Oct. 26th, 2008 10:36 pm (UTC)
Points of information:

1) the children's choir is traditional in Joseph; they raid whatever is the local stage school, for little darlings. Who are often the stars of the show.

2) the almost-inevitable singalong - not traditional. In any musical. Should be shot at first appearance (except in deliberate singalongaSoundaMusic, or similar). Along with that thing of "oh, hey, we recognise this rhythm, let's clap ever-so-slightly out of time with it..." which is equally new and to be detested.

3) what you say about the London Eye replacing Big Ben? It's happened in the north-east too, with the Angel of the North replacing the Tyne Bridge as the Sign of Tyneside...
Oct. 27th, 2008 10:43 am (UTC)
I believe the singalong is fairly traditional for Joseph. We first encountered in a production we saw in the early nineties (several years before the Jason Donavan revival) at the Wimbledon theatre.
Oct. 27th, 2008 12:35 pm (UTC)
This. As far as I'm aware, the singalong part at the end of Joseph is standard - a friend of mine has seen it several times, from the late 80s on, and it's always been there.

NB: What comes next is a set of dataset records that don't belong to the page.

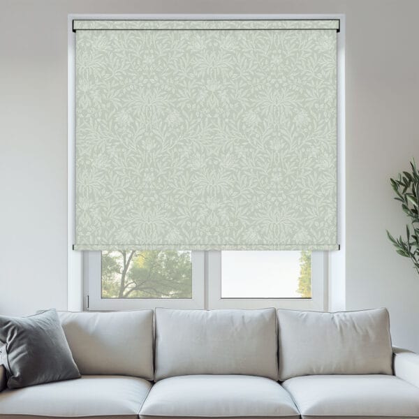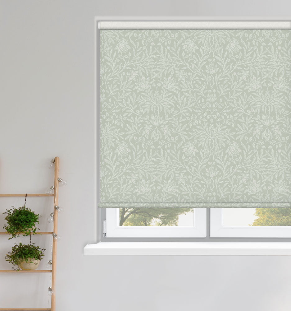 Florence Topiary Blackout Roller Blind has a white floral pattern on a green background. Recently, there has been a resurgence of interest in modern interpretations of William Morris-inspired fabrics. This trend blends traditional patterns with contemporary styles, offering a unique way to incorporate historic design elements into modern interiors. ‘Florence’ has embraced this trend to the max with its Morris inspired floral damask, softened with simple forms and textures and offered in a range of fresh contemporary hues.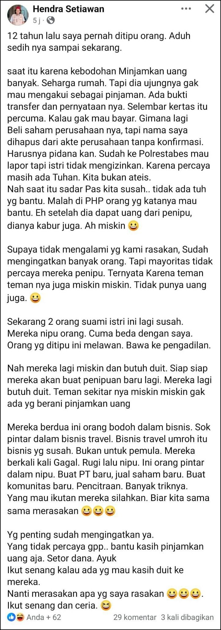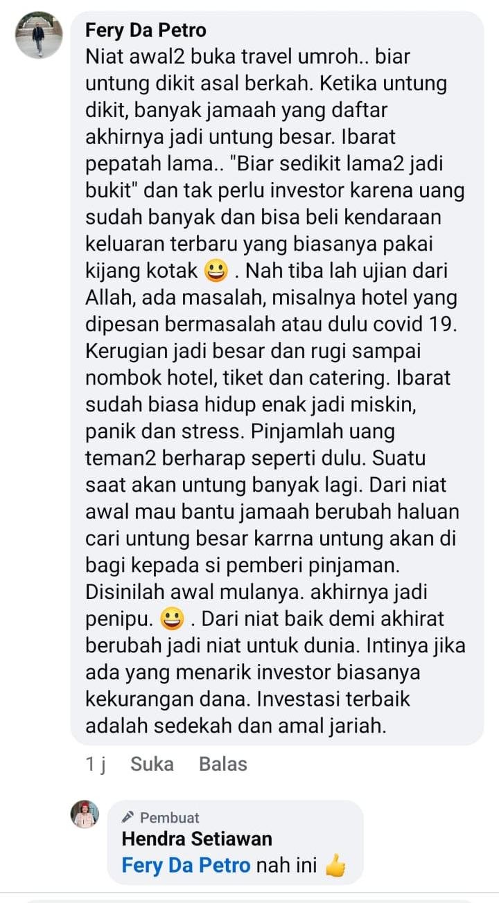 Mereka berdua ini orang bodoh dalam bisnis. Sok pintar dalam bisnis travel. Bisnis travel umroh itu bisnis yg susah. Bukan untuk pemula. Mereka berkali kali Gagal. Rugi lalu nipu. Ini orang pintar dalam nipu. Buat PT baru, jual saham baru. Buat komunitas baru. Pencitraan. Banyak triknya.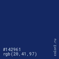Цвет #142961 в цветовой модели RGB обозначается тремя октетами (20, 41, 97) в десятичном формате и #142961 в шестнадцатиричном (hex) формате, которые являются интенсивностью красного 20 (hex 14), интенсивность зелёного 41 (hex 29) и интенсивность синего 97 (hex 61).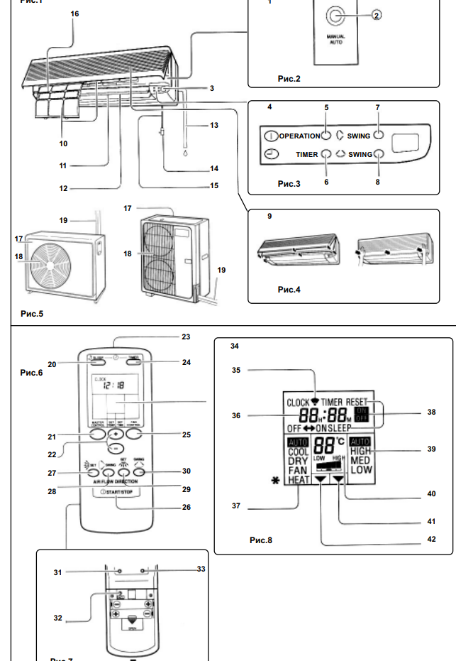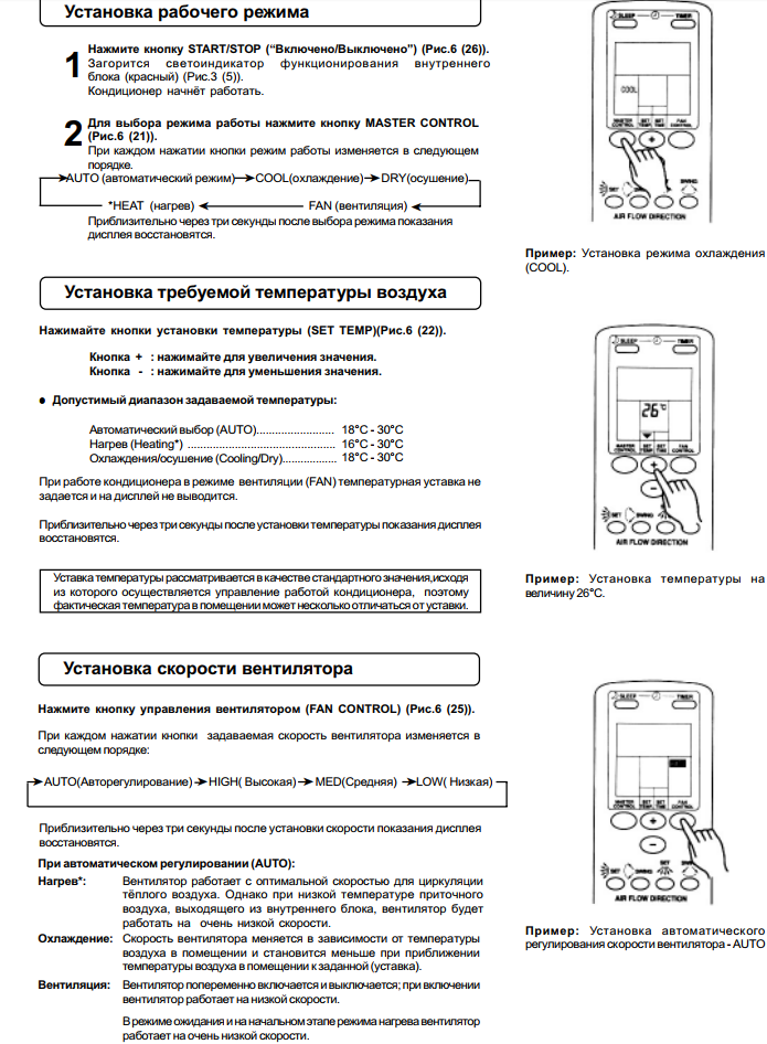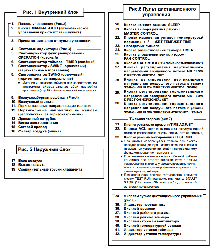 Des instructions détaillées ont été élaborées pour chaque type d'équipement. Une place particulière y est occupée par des recommandations sur la façon d'utiliser correctement la télécommande du climatiseur. L'ensemble complet comprend un appareil standard pour la télécommande. Selon le type d'équipement, il peut être complété par un certain nombre de fonctions spécifiques.

If anything, Mamma Mia stole it from Joseph ;)

As to Pharoah's songs, I suspect the reason they were so incomprehensible (and I found them to be the same when I saw Joseph in Manchester) is that, because of the whole Elvis theme, you've got an English person not just trying to fake an American (Southern) accent, but trying to SING and fake said accent. It was really, really tough to understand - on the soundtrack I used to own from a production in LA in the 90s, it was a lot easier but even then the Elvis-lookalike thing got in the way.

Oct. 27th, 2008 01:33 pm (UTC)
Hmmph. I still don't approve; art is not a democracy, and stage shows are not mass participation events (except for panto, to which I do not go).

Also, I am here to tell you, the production I saw in Oxford in the '70s with Tim Rice as the Pharoah? Definitely no singalong.
Oct. 27th, 2008 08:11 pm (UTC)
Oh I has show envy!
Oct. 27th, 2008 03:48 pm (UTC)
The only time I've seen the show, there was no singalong. There was no children's chorus either. At all.

It was a small community theater production - small in both scale and size of physical theater. Indeed, I can't even remember a band, which makes me wonder if the music was prerecorded for it.
Oct. 27th, 2008 03:58 pm (UTC)
Now pre-recorded music: that's hit one of my own bugbears. Maybe if you are the consumate professional and so are all your principals and chorus then you could probably just about get away with it.

But if not then you are really in trouble - the first time anyone fluffs an entrance, or there's a tech issue which leads to a 'vamp' bar having to play a couple more times, you are completely sunk.
Oct. 31st, 2008 08:43 pm (UTC)
I auditioned to be in the children's choir for Joseph sometime in the early nineties - at that point they were getting local school choirs to audition by tape and then in person, rather than raiding the stage schools. We got to the last two or three and lost, so no moment of glory for me.
Oct. 27th, 2008 03:10 pm (UTC)
The London production of Oliver that I saw in 1965 ended with the entire case coming on stage to reprise Your Favo[u]rite Songs. As I remember, large sections of the audience sang along. I was a snobbish whippersnapper and found the whole thing revolting and a godawful offense against any play that could possibly be worth staging. In fact it was offensive even when the play wasn't, e.g., Oliver. Now I'm a snobbish geezer.
Nov. 6th, 2008 08:20 pm (UTC)
I'd been noticing that about the London Eye as well. In a lot of the BBC productions I see on PBS, the first shots of London frequently use the Eye as the iconic London symbol.